Top of DATASET EXTRACT
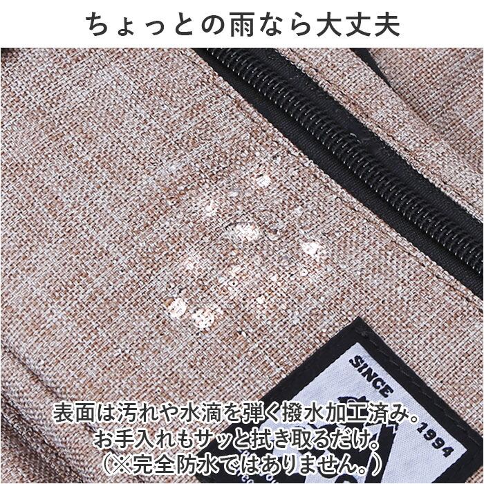 ・表面は汚れや水滴を弾く撥水加工済み。お手入れもサッと拭き取るだけ。(※完全防水ではありません。)
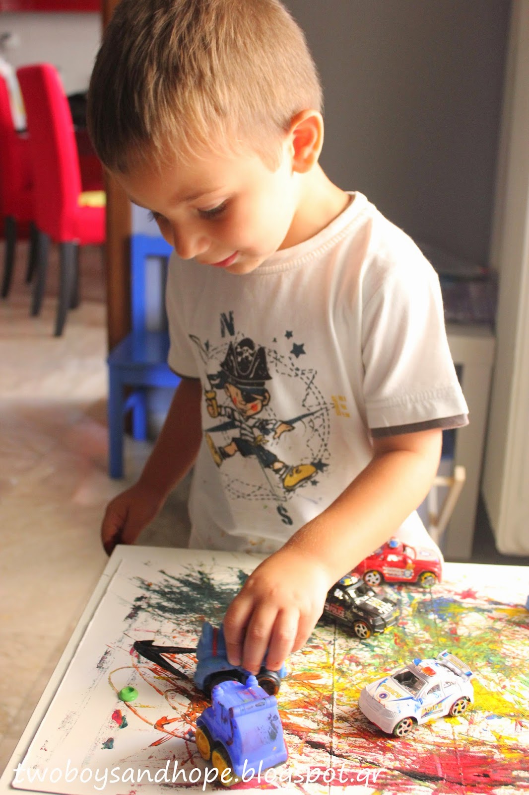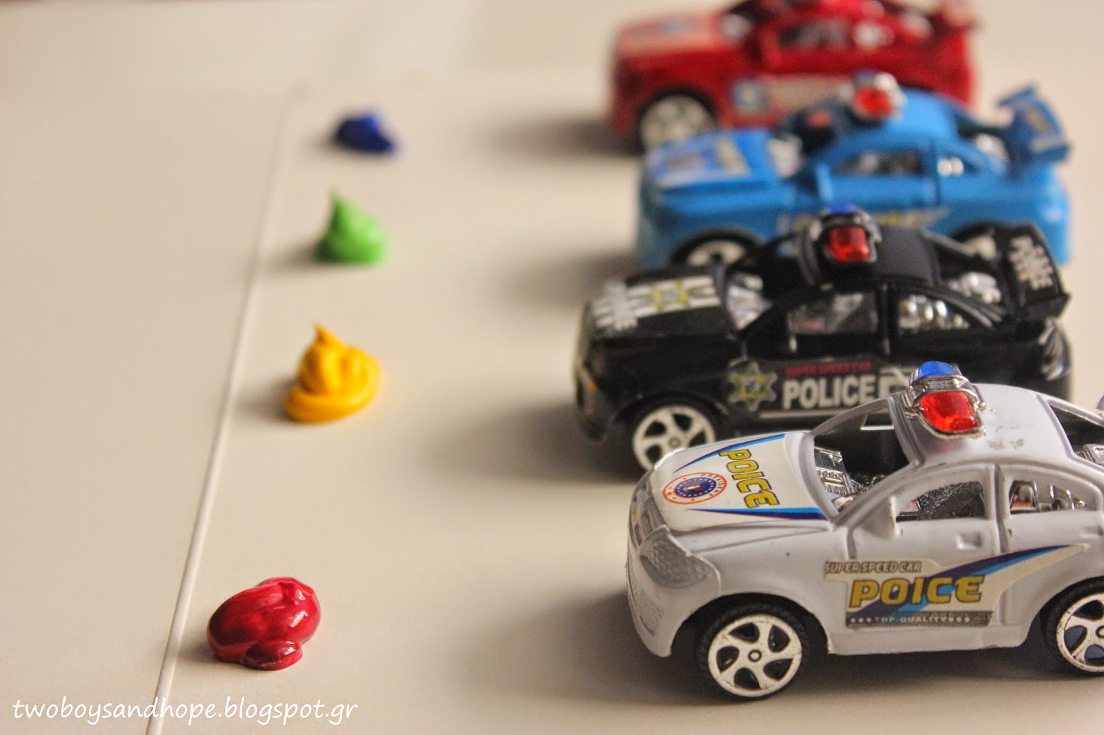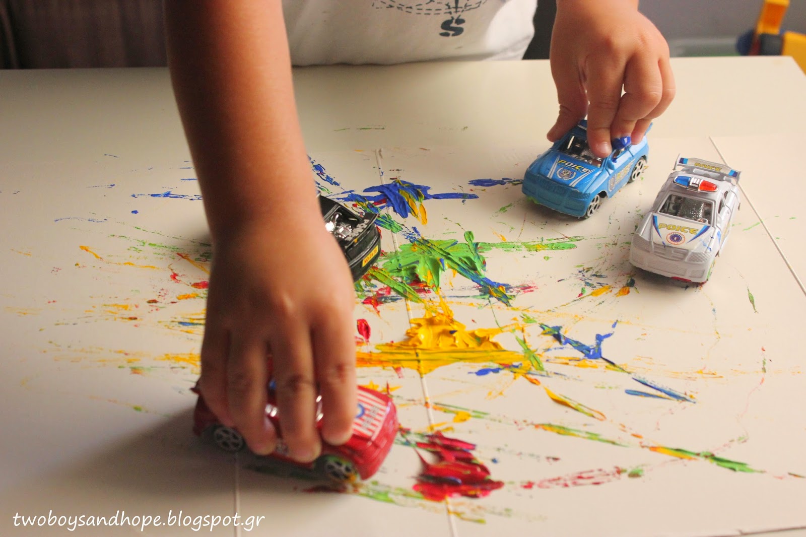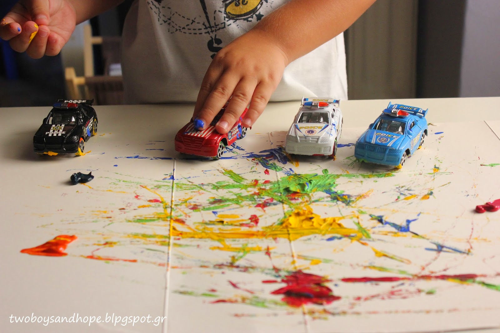 Βάζουμε λίγη μπογιά πάνω στο χαρτί και μετά.. τσουλάμε τα αυτοκινητάκια..
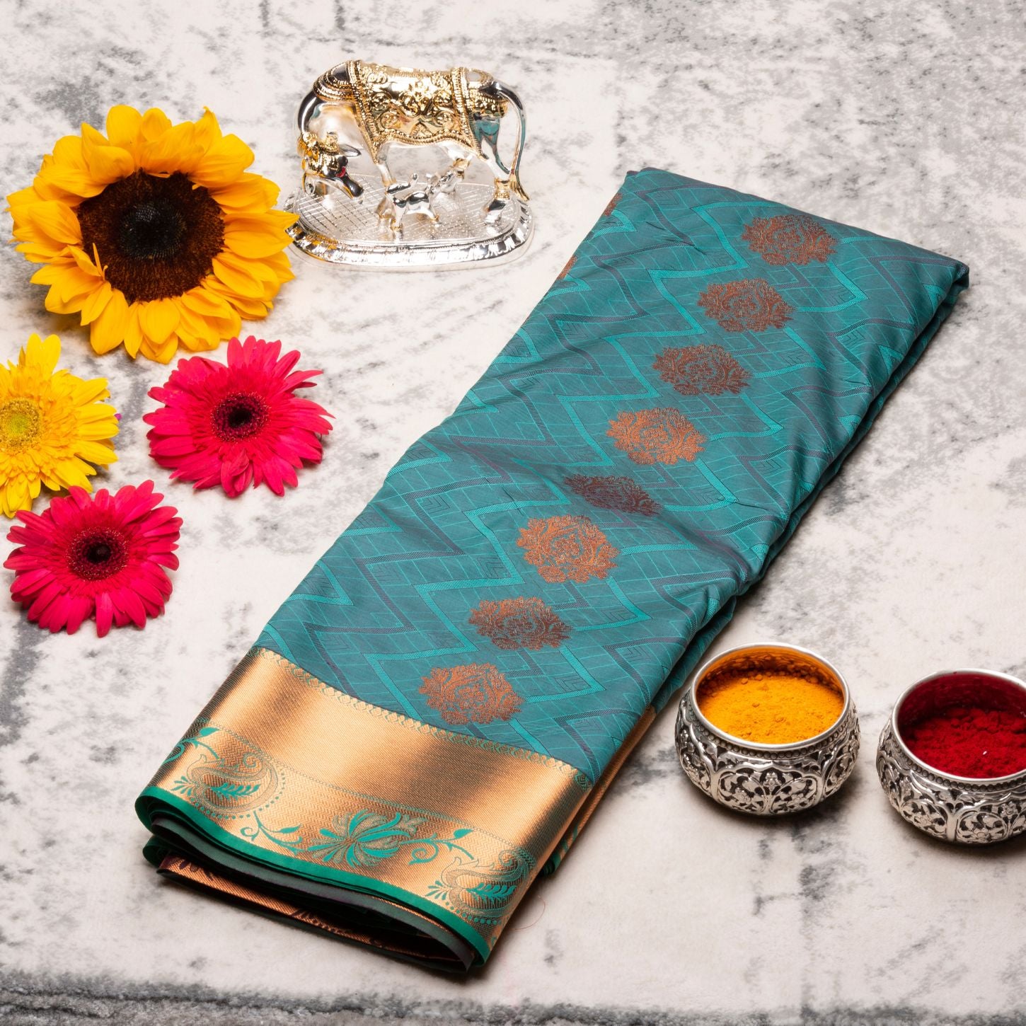 Kanchipuram Cotton Robin Green Silk Saree | KA10202
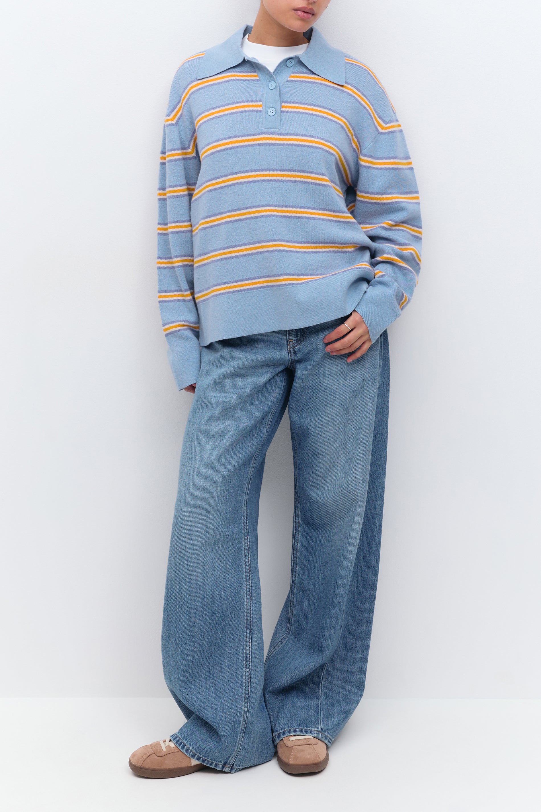 Das Pikeeshirt ist weiβ und hat Oversize-Passform. Es hat Knöpfe auf der Oberseite, gestrickte Qualität, langen Ärmel und Rippenstrick an den Ärmelenden und an der Unterkante
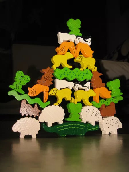 The animals want to show how good they are at making tall pyramids! They must be skillfully careful: Who will position the penguin on top of the crocodile, the sheep on top of the penguin, the serpent on the sheep? The hedgehog wants to stand on top of the pyramid but the height is making him dizzy.
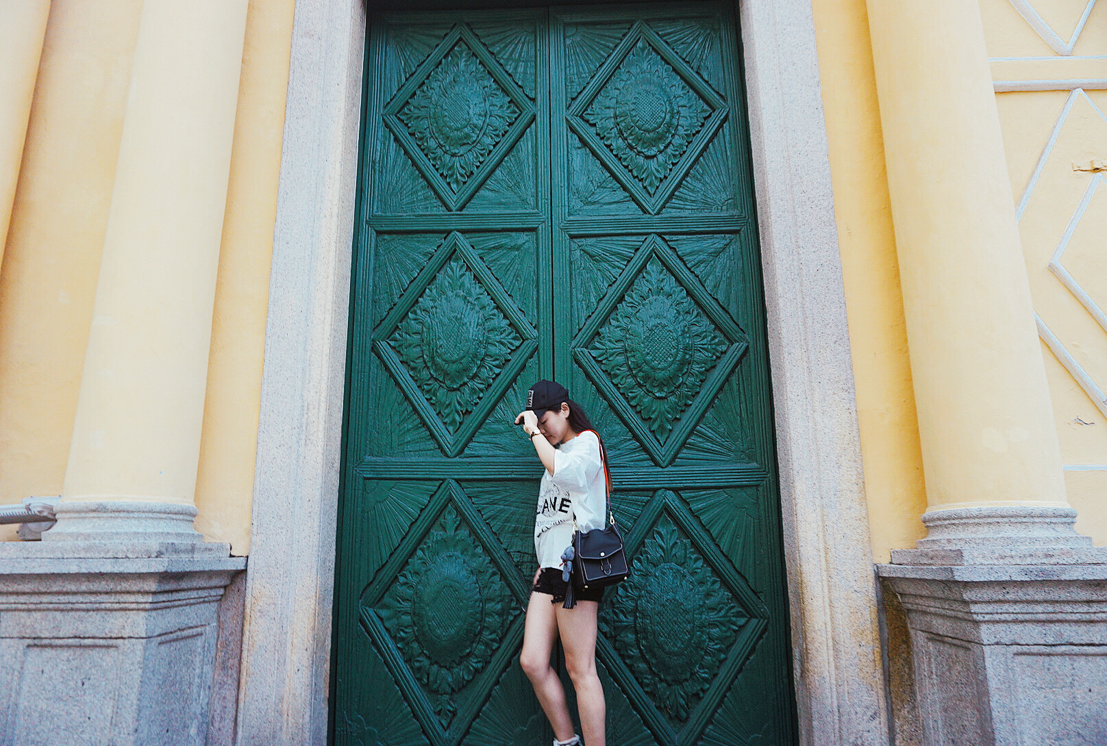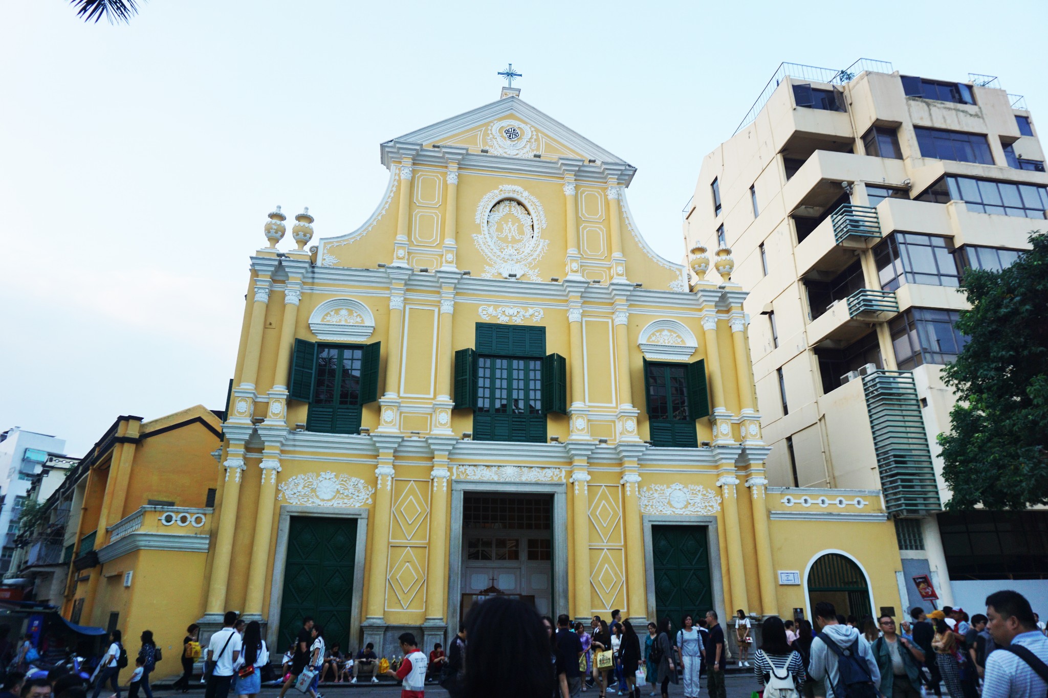 往前走便到了玫瑰圣母堂,始建于1587年,是西班牙天主教的圣多明我会教士初到澳门时设立的,至今已有四百年的历史。教堂于1828年重修,今天壮观的规模即源于此为如今的模样。绿色的门窗,加上浅黄色的墙壁,以及雕刻的欧式花纹,非常的漂亮
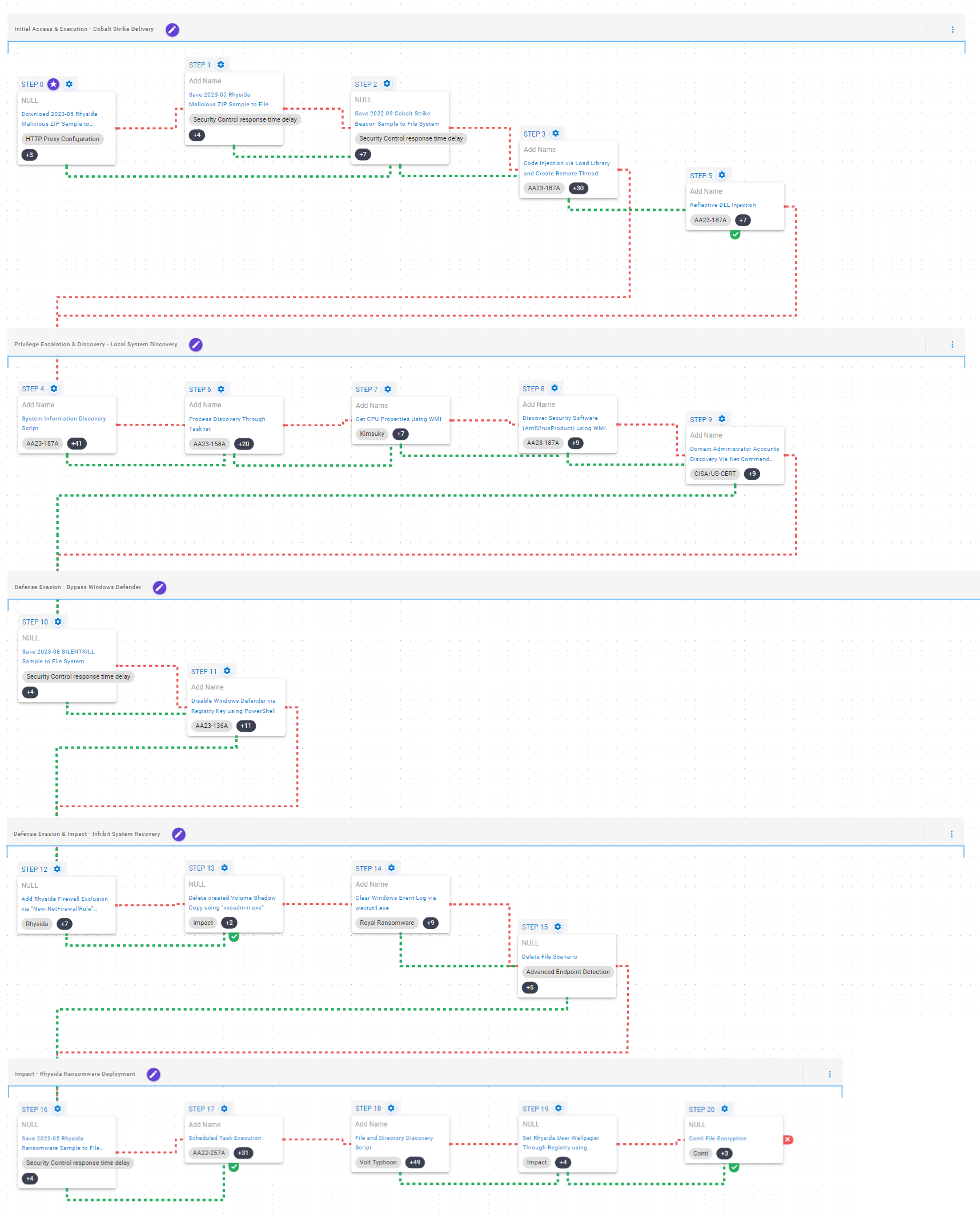 Striving to offer the broadest possible range of intrusion chains on this threat, AttackIQ has created two variants of the emulation that are intended to group together those behaviors employed by Rhysida in different periods of activity.
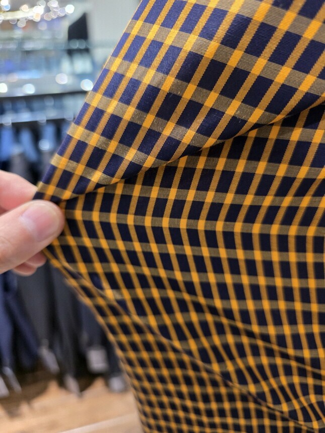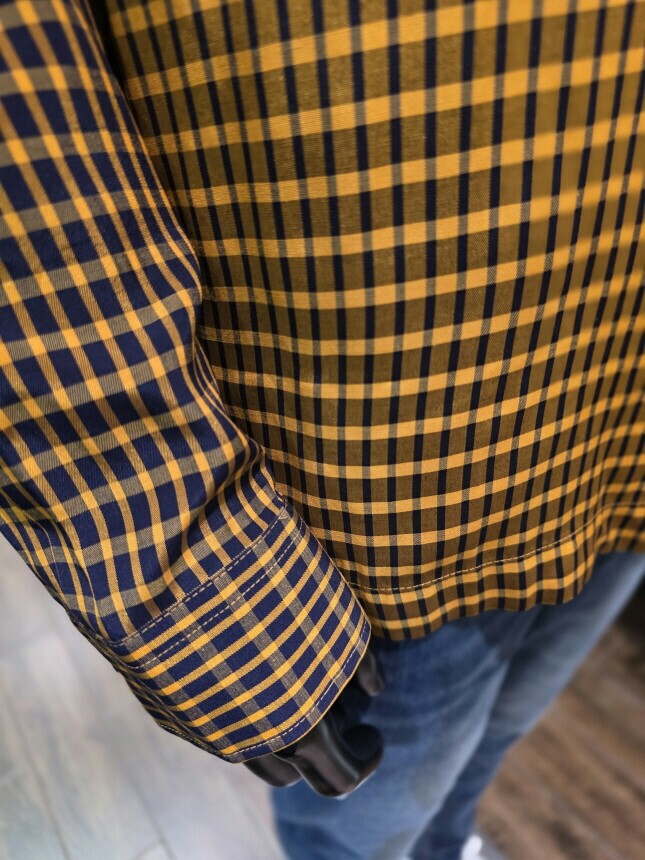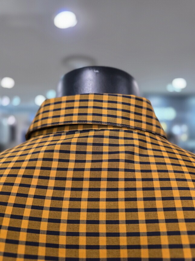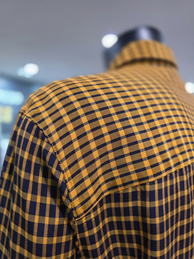 비대칭 체크로 스타일리시한 핏을
Bottom of DATASET EXTRACT
=== EXERCISE DESCRIPTION ===
Could you print all the entries exactly as they stand, with the pictures left out?

=== ANSWER BOX ===
 ・表面は汚れや水滴を弾く撥水加工済み。お手入れもサッと拭き取るだけ。(※完全防水ではありません。)
 Βάζουμε λίγη μπογιά πάνω στο χαρτί και μετά.. τσουλάμε τα αυτοκινητάκια..
 Kanchipuram Cotton Robin Green Silk Saree | KA10202
 Das Pikeeshirt ist weiβ und hat Oversize-Passform. Es hat Knöpfe auf der Oberseite, gestrickte Qualität, langen Ärmel und Rippenstrick an den Ärmelenden und an der Unterkante
 The animals want to show how good they are at making tall pyramids! They must be skillfully careful: Who will position the penguin on top of the crocodile, the sheep on top of the penguin, the serpent on the sheep? The hedgehog wants to stand on top of the pyramid but the height is making him dizzy.
 往前走便到了玫瑰圣母堂,始建于1587年,是西班牙天主教的圣多明我会教士初到澳门时设立的,至今已有四百年的历史。教堂于1828年重修,今天壮观的规模即源于此为如今的模样。绿色的门窗,加上浅黄色的墙壁,以及雕刻的欧式花纹,非常的漂亮
 Striving to offer the broadest possible range of intrusion chains on this threat, AttackIQ has created two variants of the emulation that are intended to group together those behaviors employed by Rhysida in different periods of activity.
 비대칭 체크로 스타일리시한 핏을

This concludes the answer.